Judging from our mail and BeDevTalk postings, you're all very active with DR9. We're pumping out sample apps as fast as we can, and working on documentation. Keep sending us your input as to how we can better serve you. Without your efforts, this platform will be a technology looking for a solution. Keep up the good work and keep sending in that valuable praise and criticism. We in turn will continue to try and provide you with the best platform upon which you can dream up your killer apps.
I spent a week in the old country, meeting software developers, investors and business partners, mostly from France, but also from other parts of Europe. We've invested early in Europe, based on a combination of beliefs and connections. The connections relate to my checkered past in the computer industry over there. I worked in the French as well as the European HQ of my alma mater Hewlett-Packard, at Data General, at Exxon Office Systems (briefly, quickly recognizing the error) and starting Apple France, before fulfilling an old dream and moving to the Silicon Valley. As a result, when we started the company, we benefited from a hospitable European network. Friends invested in the company and introduced us to other investors; we abducted people to California and linked up again with associates from earlier lives.
In many respects, the company probably wouldn't be around if it weren't for our European connections. In 1991, when we started raising money, US investors were understandably reluctant. Microsoft was already perceived as the invincible juggernaut—the agility came later when they became a born-again Internet company. At the time, PDAs, set-top boxes and 3DO game consoles were in fashion and we couldn't quite demonstrate our OS side by side with older platforms. The "no legacy, no baggage" equation was hard to explain.
In so called "high-tech" industries, Europe is perceived as having fallen behind the US. In several instances, it is even true as in the case of the PC business. Companies such as Olivetti or Nixdorf were once industry leaders. Their misfortunes haven't dulled European appetites for new technology. In many respects "conservative" Europeans are more daring than New World players.

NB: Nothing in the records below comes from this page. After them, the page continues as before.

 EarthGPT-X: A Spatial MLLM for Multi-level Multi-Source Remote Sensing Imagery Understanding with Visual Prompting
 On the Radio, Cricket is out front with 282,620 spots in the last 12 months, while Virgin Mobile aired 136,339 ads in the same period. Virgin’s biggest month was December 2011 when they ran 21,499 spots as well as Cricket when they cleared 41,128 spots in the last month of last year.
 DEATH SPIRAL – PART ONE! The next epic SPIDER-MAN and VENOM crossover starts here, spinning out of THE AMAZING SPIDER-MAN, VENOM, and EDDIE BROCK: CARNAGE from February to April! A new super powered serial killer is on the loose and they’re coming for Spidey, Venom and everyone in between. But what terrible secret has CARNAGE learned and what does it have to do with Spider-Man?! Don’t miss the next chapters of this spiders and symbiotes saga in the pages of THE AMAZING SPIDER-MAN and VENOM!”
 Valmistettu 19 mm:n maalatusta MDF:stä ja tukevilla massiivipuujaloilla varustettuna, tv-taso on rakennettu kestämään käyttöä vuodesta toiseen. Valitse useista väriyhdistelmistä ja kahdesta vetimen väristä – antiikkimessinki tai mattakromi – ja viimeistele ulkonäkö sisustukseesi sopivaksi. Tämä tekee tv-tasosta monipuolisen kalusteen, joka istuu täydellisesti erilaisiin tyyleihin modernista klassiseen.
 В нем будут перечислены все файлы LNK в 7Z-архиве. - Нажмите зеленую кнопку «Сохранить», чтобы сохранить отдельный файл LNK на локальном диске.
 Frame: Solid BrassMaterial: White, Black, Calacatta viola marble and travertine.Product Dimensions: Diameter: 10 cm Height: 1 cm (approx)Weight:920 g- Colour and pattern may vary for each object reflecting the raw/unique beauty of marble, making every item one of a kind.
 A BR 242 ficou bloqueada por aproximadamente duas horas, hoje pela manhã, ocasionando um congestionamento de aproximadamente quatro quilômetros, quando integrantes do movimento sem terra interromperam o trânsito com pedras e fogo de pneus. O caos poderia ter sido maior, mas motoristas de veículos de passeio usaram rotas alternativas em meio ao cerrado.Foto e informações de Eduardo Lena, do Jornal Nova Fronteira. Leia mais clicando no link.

VCRs, CDs and, more recently, the Macintosh and digital cellular telephones enjoyed a better early acceptance in the old continent than in the US. (Once the new standards get accepted in the US, the market quickly makes up for a late start.)

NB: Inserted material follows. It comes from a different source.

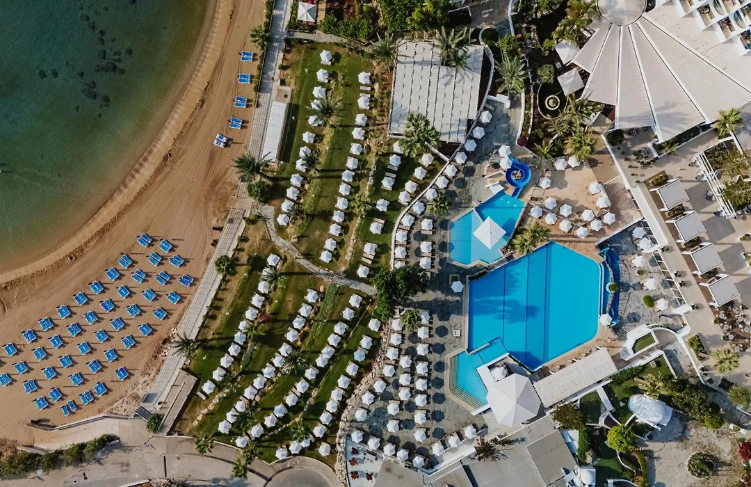 Golden Coast Beach Hotel provides a beachfront experience with a variety of amenities, making it suitable for families, couples, and leisure travelers. This 4-star Protaras hotel features spacious rooms, multiple dining options, extensive leisure facilities, and excellent conference spaces. Rated 8.8/10 on Booking.com, it ensures a memorable stay.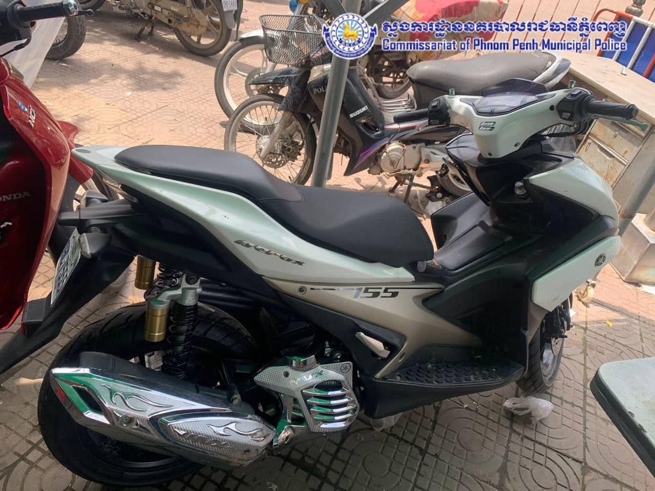 សូមបញ្ជាក់ផងដែរថា នៅព្រឹកថ្ងៃទី២៧ ខែកក្កដា ឆ្នាំ២០២២ កម្លាំងប៉ុស្តិ៍នគរបាលរដ្ឋបាលទន្លេបាសាក់ បានចុះល្បាតពួនស្ទាក់ក្នុងមូលដ្ឋានក៏ប្រទះឃើញម៉ូតូ០១គ្រឿងម៉ាក Yamaha Aerow ពណ៌ ស ពាក់ផ្លាកលេខ ភ្នំពេញ 1HC-7555 ដែលទុកចោលនៅក្នុងកោះពេជ្រ ផ្លូវបេតុង ក្រុម៧៨ ភូមិ១៤ សង្កាត់ទន្លេបាសាក់ ខណ្ឌចំការមន រាជធានីភ្នំពេញ។ បច្ចុប្បន្នម៉ូតូខាងលើត្រូវបានរក្សាទុកនៅស្នាក់ការប៉ុស្តិ៍នគរបាលរដ្ឋបាលទន្លេបាសាក់ រងចាំម្ចាស់មកទទួលយកទៅវិញ។ សូមបញ្ជាក់ សូមភ្ជាប់មកជាមួយនូវឯកសារពាក់ព័ន្ធមកជាមួយផង៕

In Be's case, our unconventional proposition found early takers in Europe. Some investors were not awed by the Microsoft "Über alles" mystique, others saw in us the Silicon Valley connection. One of them told us bluntly he'd "never invest in a deal like this based in Europe"...

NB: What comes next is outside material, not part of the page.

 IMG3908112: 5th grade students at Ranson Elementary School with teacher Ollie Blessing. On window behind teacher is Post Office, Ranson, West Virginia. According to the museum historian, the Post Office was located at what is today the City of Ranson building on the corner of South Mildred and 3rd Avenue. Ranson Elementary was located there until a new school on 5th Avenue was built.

European developers react in a similar fashion. First, in an apparent paradox, just like the blunt investor, many local developers would be reluctant to bet their time and energy on a European media OS. And, second, our evangelism efforts got "traction" earlier in Europe than in the US. Does it mean the famous "tractor app" will come from Europe rather than the US? It is still too early to tell, but we see another positive factor in our European connection. It is even harder to make money in the software business in Europe than it is in the US. As a result of our use of the Net to market and deliver software, European developers see the BeOS as a way to break into the US market unavailable with the conventional distribution network. Our goal is to make their hopes come true.